→ **Provided data**:
>>>>>

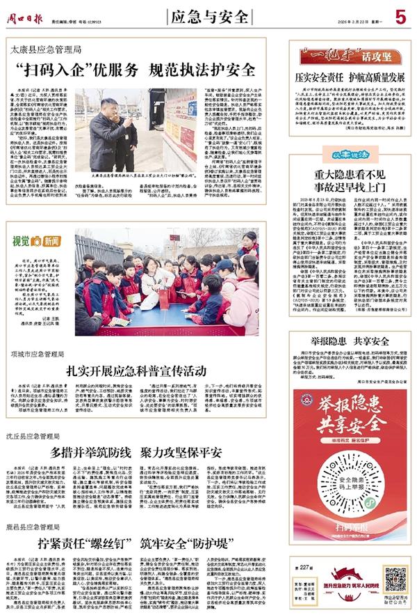 本报讯 (记者 王凯 通讯员 李巍 文/图) 近日,为深入贯彻落实省、市关于优化营商环境的决策部署,全面落实《河南省优化营商环境条例》及“扫码入企”相关工作要求,太康县应急管理局在安全生产执法检查中全面推行“扫码入企”工作机制,以“数字赋能”规范执法行为,为企业发展营造“无事不扰、有需必应”的良好环境。
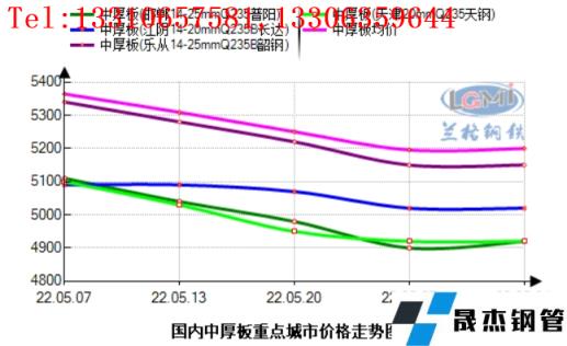 綜合來看,5月份國內中厚板市場價格整體呈現大幅下行的格局。截止5月31日,重點區域邯鄲價格為4920元/噸,環比下跌180元,江陰價格為5020元/噸,環比下跌90元,天津4920元/噸,環比下跌170元,樂從5150元/噸,環比下跌170元,目前樣本十大重點城市均價為5059元/噸,環比下跌161元左右。
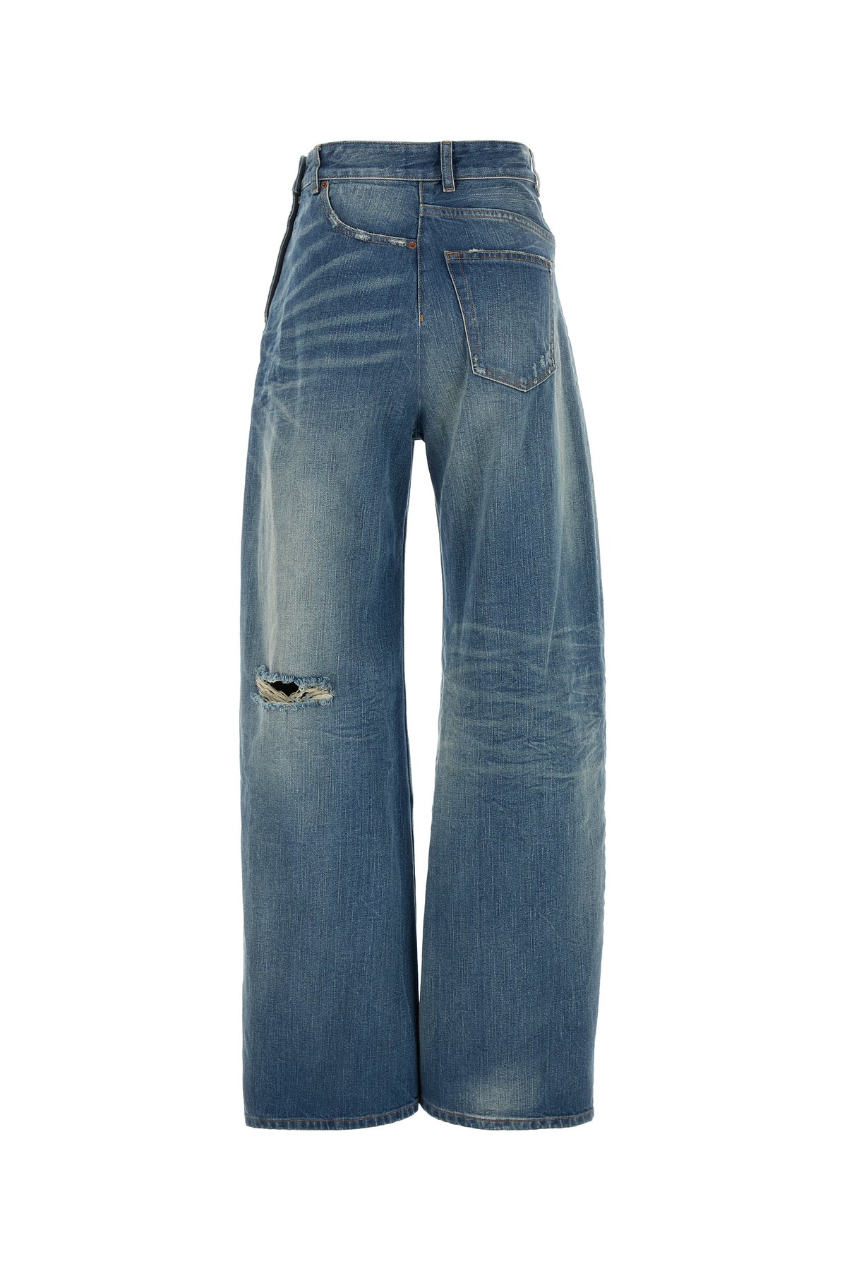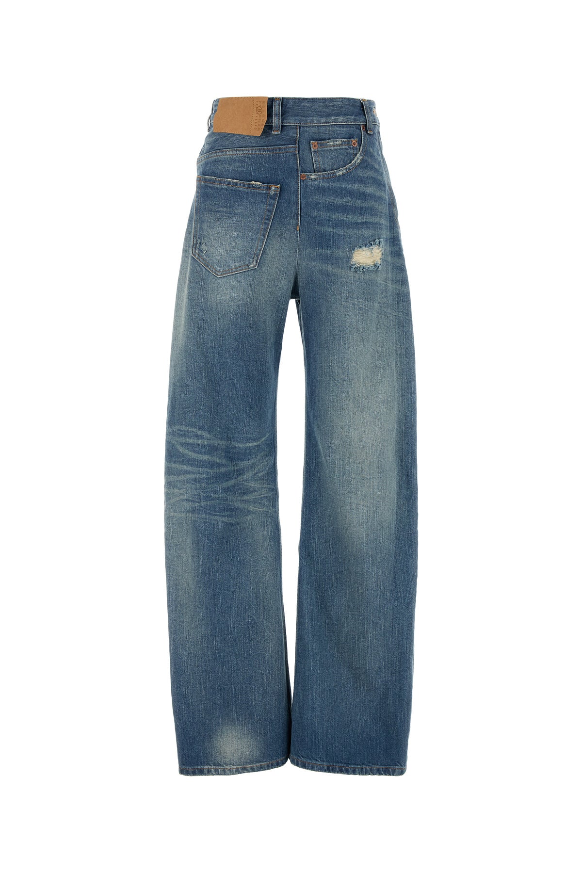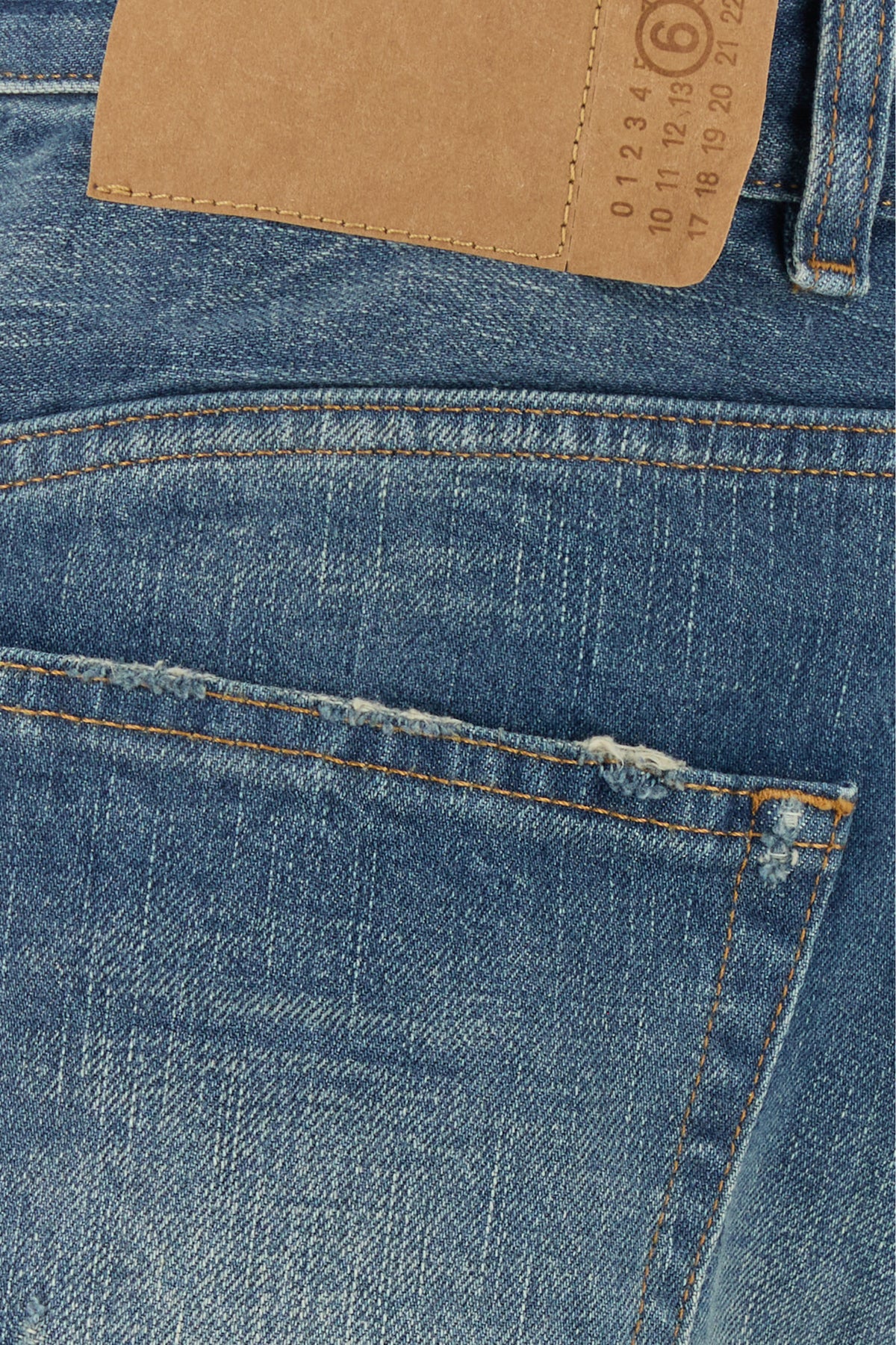 Asymmetric jeans realized in stonewashed and distressed pure cotton denim enriched by contrasting logoed label at the front.

<<<<<

Once the pictures are set aside, output the whole listing exactly.

 本报讯 (记者 王凯 通讯员 李巍 文/图) 近日,为深入贯彻落实省、市关于优化营商环境的决策部署,全面落实《河南省优化营商环境条例》及“扫码入企”相关工作要求,太康县应急管理局在安全生产执法检查中全面推行“扫码入企”工作机制,以“数字赋能”规范执法行为,为企业发展营造“无事不扰、有需必应”的良好环境。
 綜合來看,5月份國內中厚板市場價格整體呈現大幅下行的格局。截止5月31日,重點區域邯鄲價格為4920元/噸,環比下跌180元,江陰價格為5020元/噸,環比下跌90元,天津4920元/噸,環比下跌170元,樂從5150元/噸,環比下跌170元,目前樣本十大重點城市均價為5059元/噸,環比下跌161元左右。
 Asymmetric jeans realized in stonewashed and distressed pure cotton denim enriched by contrasting logoed label at the front.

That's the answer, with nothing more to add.